Les protocoles présentés ici fournissent un cadre général pour analyser les feuilles de tabac d'arbres pour les métabolites et les transcriptions. Il est prévu que ces efforts conjugués devraient nous fournir de nouvelles connaissances sur les processus sous-jacents de la synthèse et de l'extrusion des hydrocarbures et les composés à haute valeur présents dans ce tissu. Ces approches doivent donc nous donner une meilleure compréhension de la façon dont les composés sont synthétisés. En plus des arbres aspects de tabac de l'œuvre, il vise également à améliorer la biomasse peuplier, en ciblant particulièrement les lignification de la structure de paroi secondaire, mais aussi d'explorer si nous pouvons utiliser l'écorce pour l'extraction de composés intéressants.

Les méthodes présentées dans ce document sont de légères modifications de méthodes normalisées pour métabolite profilage. Ces méthodes sont bien sûr limités aux profils métaboliques connues, et il est possible que plusieurs nouveaux pics métaboliques peuvent être obtenus pour which pas composé est connu. Nous espérons mettre ces composés dans le contexte d'autres métabolites en combinant le comportement des métabolites et des relevés de notes au cours de la série de temps de développement.

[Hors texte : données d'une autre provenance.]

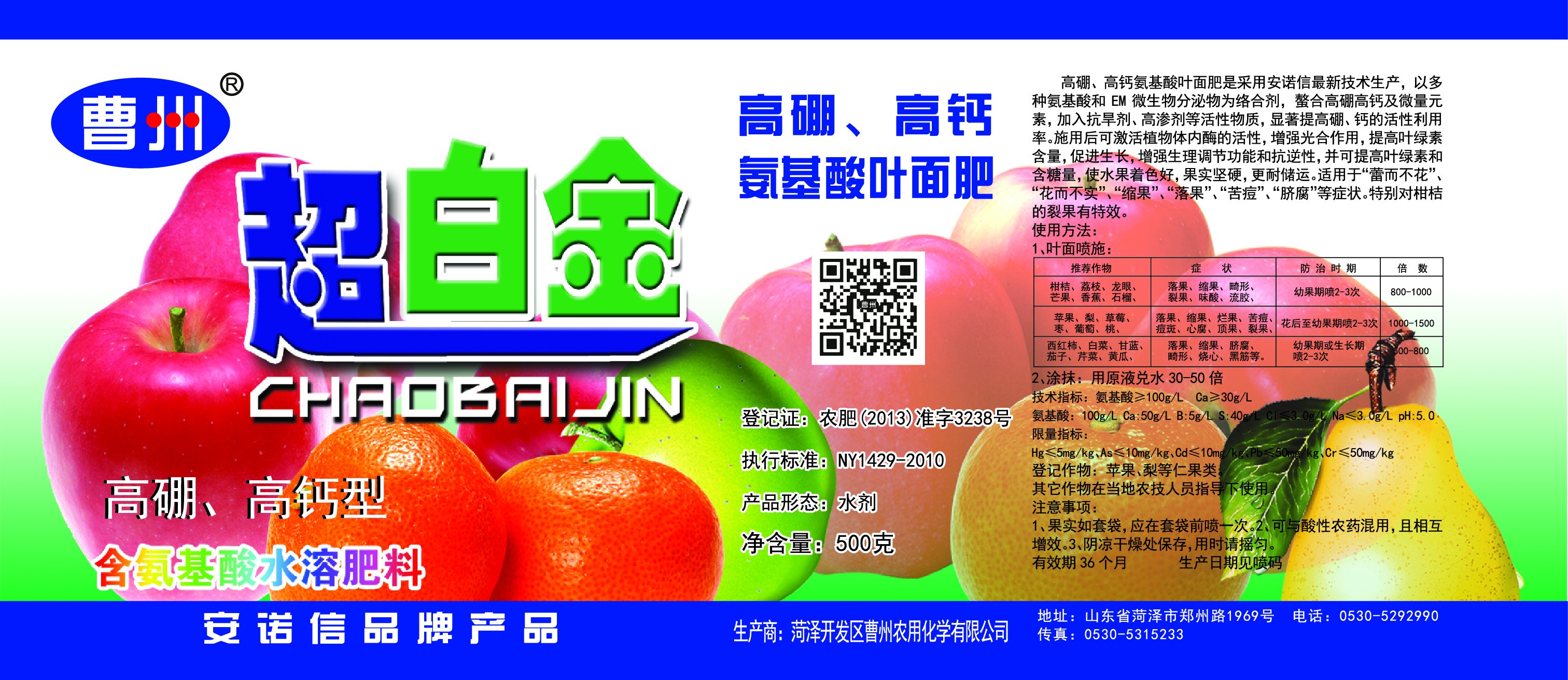 曹州 超白金 全水溶 高硼高钙 含氨基酸水溶肥料 叶面肥 水果着色好 果实坚硬 蔬菜果树大田通用 500g/瓶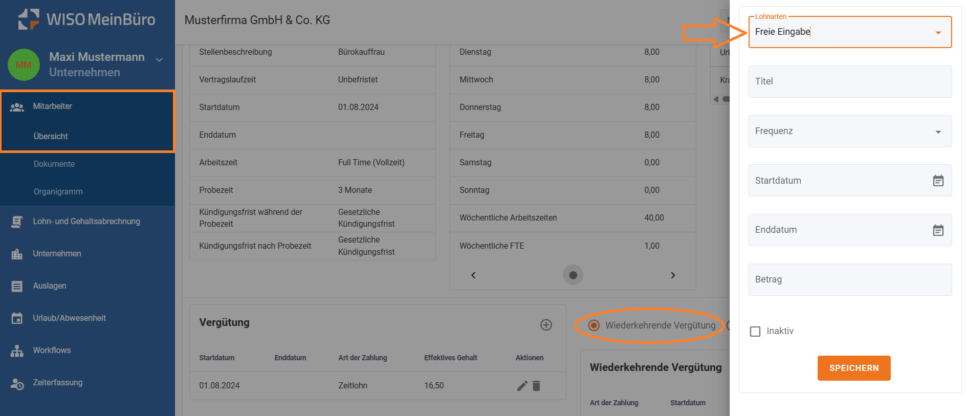 - Im Reiter Vertrag > wiederkehrende Vergütung können nun freie Einträge im Bereich Lohnarten getätigt werden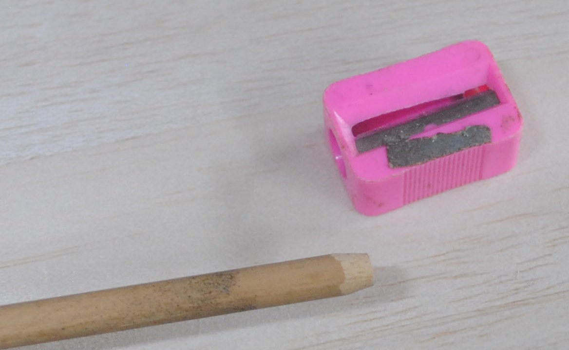 Cut two 1/4″ dowels 6″ long. Use a pencil sharpener to chamfer the ends, or use a sanding block.

Aucune des méthodes présentées ici sont significativement modifié par des méthodes généralement utilisées pour les matières végétales. L'aspect intéressant réside dans la combinaison de méthodes pour comprendre la structure sous-jacente de longues principalement la production d'hydrocarbures de la chaîne et de la modification dans les feuilles des arbres du tabac. L'une des étapes critiques pour l'obtention de cette information est la combinaison ultérieure des différents types de données. Nous prévoyons que les données que d'une première évaluation seront divisés en différents groupes en fonction du comportement des métabolites / transcriptions sur le développement et que ces données seront utilisées pour déduire transcription vs comportements de métabolites, et également pour les affecter potentiellement certains métabolites de voies . En outre, les analyses basées sur le réseau plus élaborées sont ensuite envisagées to exploiter les relations de cause à effet.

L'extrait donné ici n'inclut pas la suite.